The students who mount their exhibitons are given the opportunity to compete for two grants made possible by the Margaret Stonewall Woodridge Hamblet Endowment. This competition is a three part process – a written proposal, an exhibition of works, and interviews with a panel of jurors. This year’s Hamblet Competition jurors were Mona Bozorgi, Cheryl Goldsleger, and Amin Yeh.
To learn more about the award follow this link: The Hamblet Award
The 2025 Margaret Stonewall Wooldridge Hamblet Award Recipient ($25,000)
pẹlẹ o
Ifedolapo Ayewale

Ifedolapo Ayewale (they/them) is a Nashville-based multimedia installation artist whose work focuses on deconstructing and rewriting communication as a medium. Explored through their video work, photography, fashion, and performance, Ifedolapo pulls from both sociocultural and art historical roots, examining the intersection between their first-generation Nigerian heritage, American expectations, and queer identity.
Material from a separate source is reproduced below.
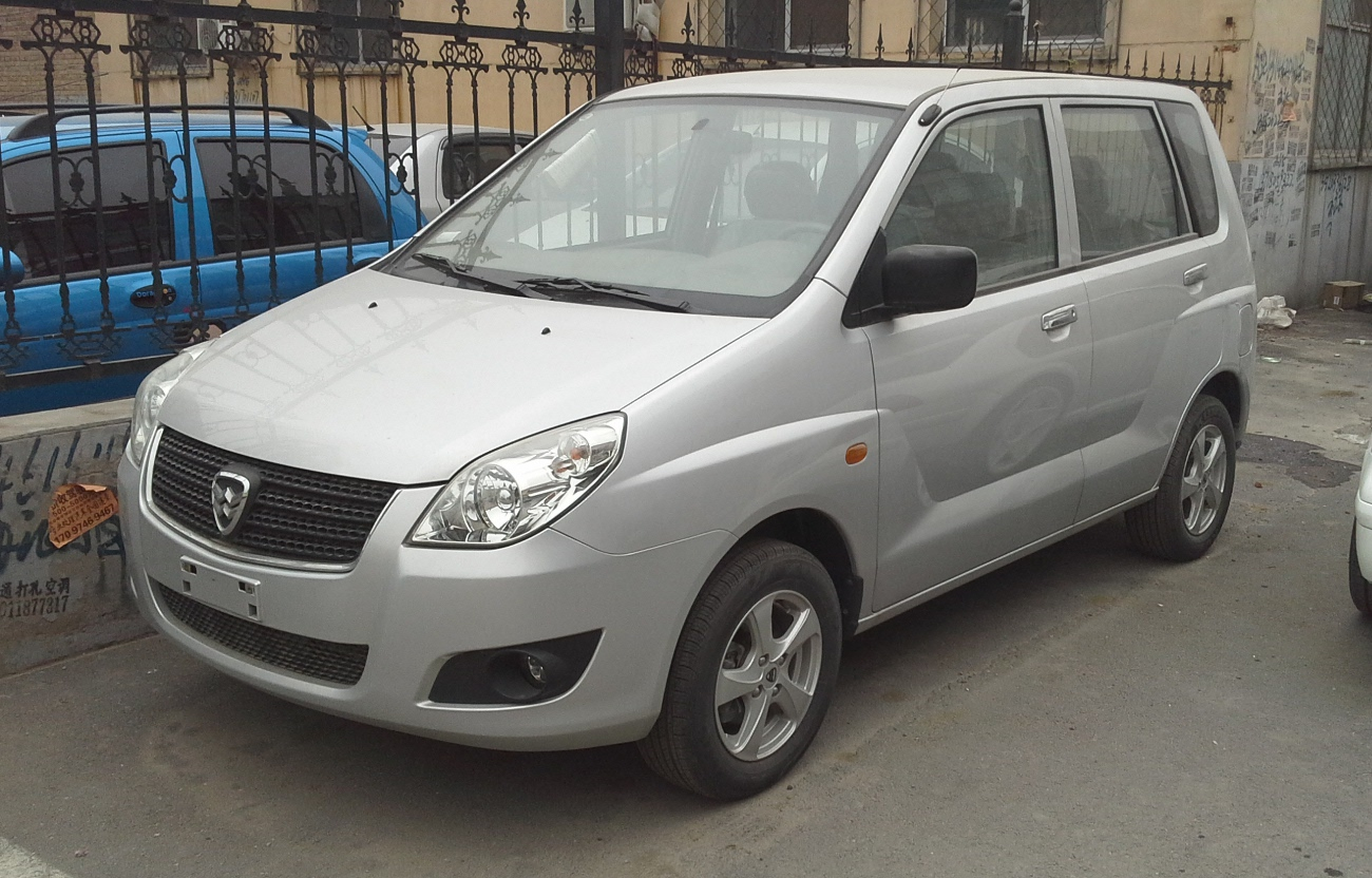 Hafei Saima facelift II photographed in Beijing, China.

With emphasis on design as a language, Ifedolapo leverages their time as a brand developer against past gallery experience to create organic, intentional work that bends established social rules to birth new understandings.

About the installation:
Ayewale’s installation pẹlẹ o is corridor of padded walls channeling the viewer to step into a path that widens and constricts the space around the body. Guiding individuals through a path illuminated by three monitors and surrounding them with sound. At its center, a white fabric skirt rests on a ground of soil.
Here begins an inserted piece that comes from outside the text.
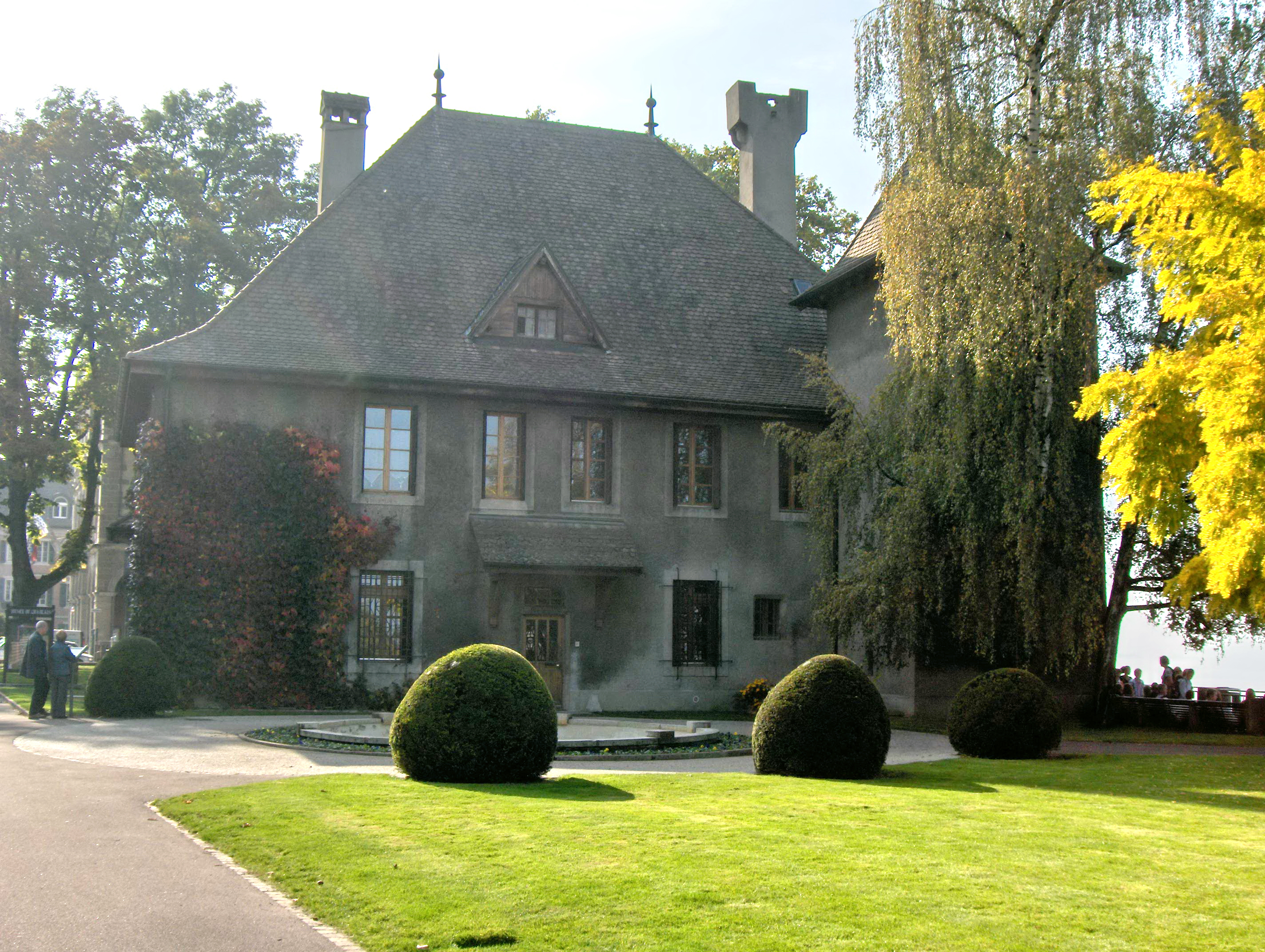 Castle of Sonnaz in Thonon-les-Bains.

Their work explores identity as a first-generation Nigerian, American expectations, and queerness.
The 2025 Margaret Stonewall Wooldridge Hamblet Merit Award Recipient ($10,000)
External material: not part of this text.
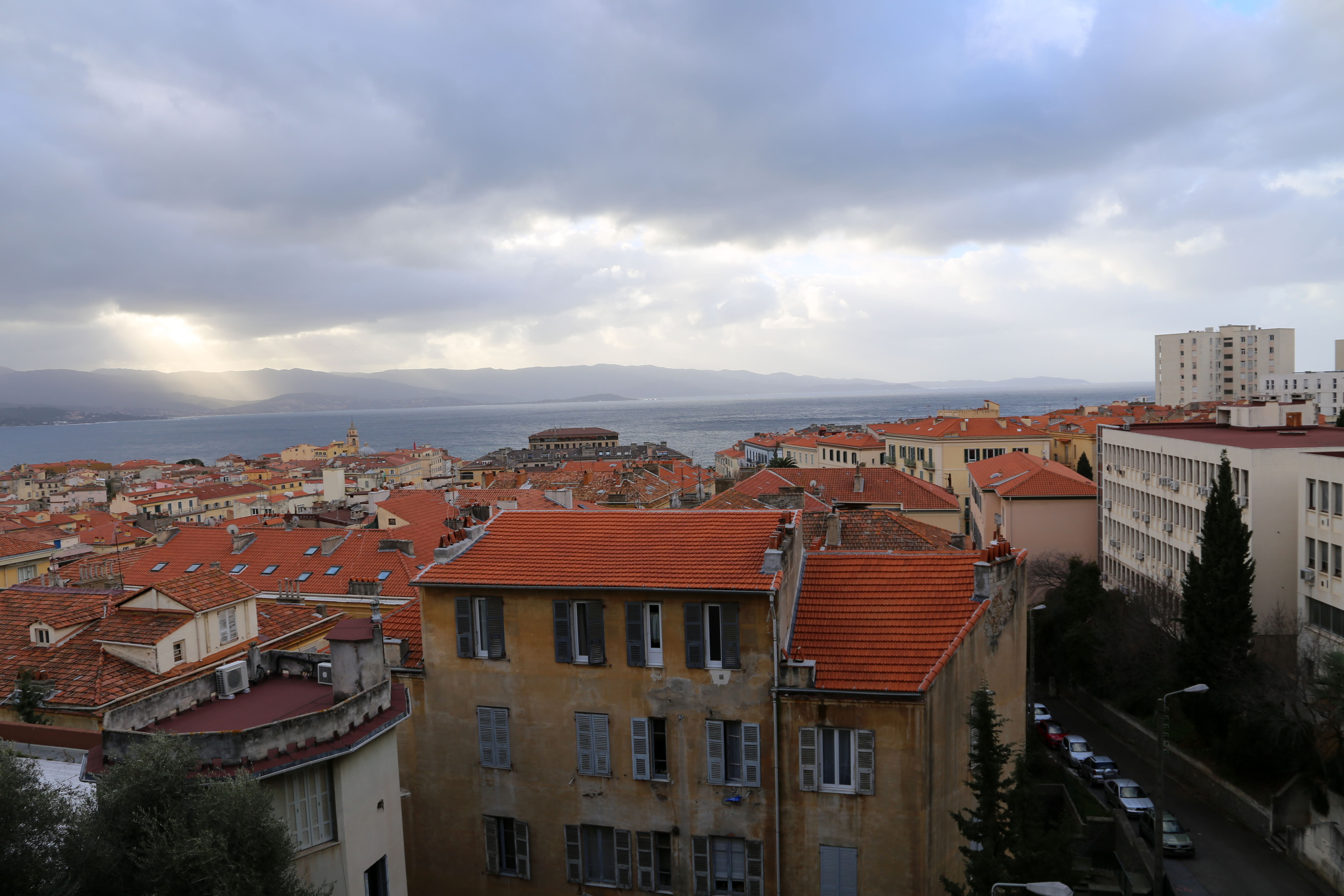 Ajaccio

Mothers and Daughters and Mothers Again
Paulette DeJarnette

Paulette Dejarnette is an art undergraduate student working primarily as a graphic designer at Vanderbilt University. Throughout her time at Vanderbilt, she has created work chiefly pertaining to the intersection of blackness and femininity. Through her work, she hopes that the viewer will reflect upon the context in which they view and interact with black women and young girls. Throughout her fourth year, she has worked as a studio assistant to the artist Magdalena Campos-Pons, where she has contributed to Procession of Angels for Radical Love and Unity (2024) and another work set to be exhibited in May of 2025. In the Buchanan Fellowship: Experiencing Ehon Reading and Making Japanese Illustrated Books, she created a Japanese children’s book and fostered a love of text, image, and narrative storytelling, a love that shows up most in her video, print, and comic work. Serving as the president of Vanderbilt’s Entertainment Underground, she also crafts social and themed experiences, having worked on the experience and environmental design of multiple escape rooms, both virtual and in real-life, and a murder mystery dinner. She uses these experiences as chances to apply artistic and performance skills to real-life environments.

About the work:
DeJarnette’s work, Mothers and Daughters and Mothers Again, comments on the legacies intersecting with black motherhood and girlhood. DeJarnette explores the relationship between black mother and daughter and braided bonds that extend beyond a lifetime.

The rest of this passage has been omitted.